Никому при этом не причинив горя: Елена все же отметила, что если «копия» уйдет «за временной барьер», то «оригинал» просто проснется, причем не «до», а просто проснется, на следующее утро. Потеряв при этом на довольно длительный срок способность входа в переход. В нашей реальности Елена смогла снова войти только в девяносто семь — и именно тогда появилась последняя запись в ее дневнике. А Вирджиллу она позвонила и рассказала об этом на следующий день, за неделю до собственной смерти.
Алексей у этого британского финансиста спросил, а уж не ушла ли Елена снова «за временной барьер», но тот лишь хмыкнул:
— Ты же кормишь каждый раз эту рыжую кошку… кошки там откуда-то появляются когда путешественник по лимбу в реальности уходит насовсем. Елена даже старухой была очень красивой, такой же, как эта кошка. Да, если ты вдруг когда-то захочешь уйти за стену… Знаешь, чем человек старше, тем ему труднее зайти в лимб. А я уже совсем не мальчик, так что когда ты там встретишь толстого почти черного кота, ты ему скажи — и я тебя провожу. Вместе с Еленой и Йенсом: после ухода жены он, думаю, здесь уже не задержится, а там мы, надеюсь, друг друга найдем.

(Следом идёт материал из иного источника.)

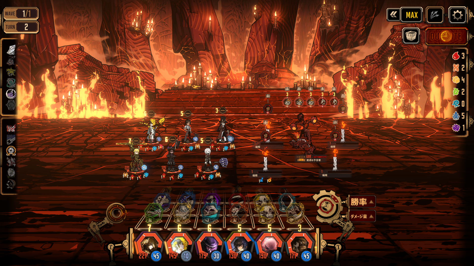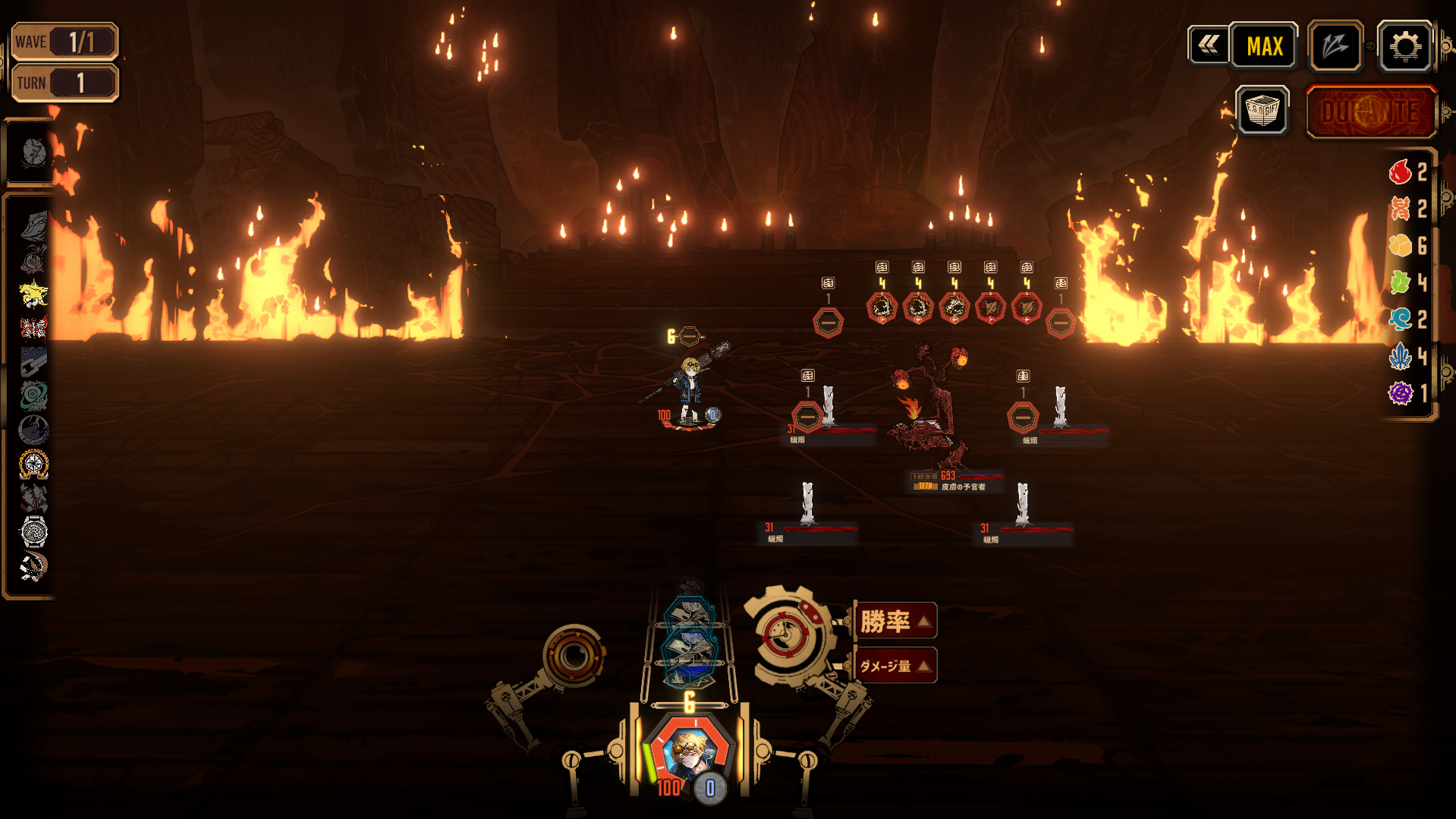 - 固定ダメージが豊富な出血・破裂パーティなら蝋燭のギミックを無視して1ターン目から本体をひたすら叩くという手段がある。

И да, парень, я открыл для тебя отдельный счет, его, надеюсь, тебе хватит надолго.
А мне больше не звони и в гости не прилетай: я все же немного боюсь и не хочу, чтобы твоя цветущая физиономия мне об этом напоминала…Глава 2
Стрелять Алексей Павлович учился профессионально. Правда, когда Алексей Павлович учился, он имел ввиду совсем иные цели, но усердия в обучении проявил немало, а уж сколько патронов он пожег! И не только пожег, но и просто так попортил — но теперь Алексей и с патронами знал, как «правильно обращаться». А «специально обученные люди» никуда сильно не спешили, как они ему сказали потом, у них еще месяц «на репетиции» оставался. И, собственно, помогать они парню решили исключительно в качестве «еще одной репетиции», а помогать они решили ему потому, что Алексею своим рассказом удалось немного помочь их командиру — лейтенанту Акуличу — отомстить за родных. То есть ему кто-то давно уже рассказал, что произошло в его родном селе, но раньше у него «доказательств не было» — а теперь доказательства появились, хотя и «косвенные», но теперь-то Акуличу никто не запрещал собирать и доказательства прямые…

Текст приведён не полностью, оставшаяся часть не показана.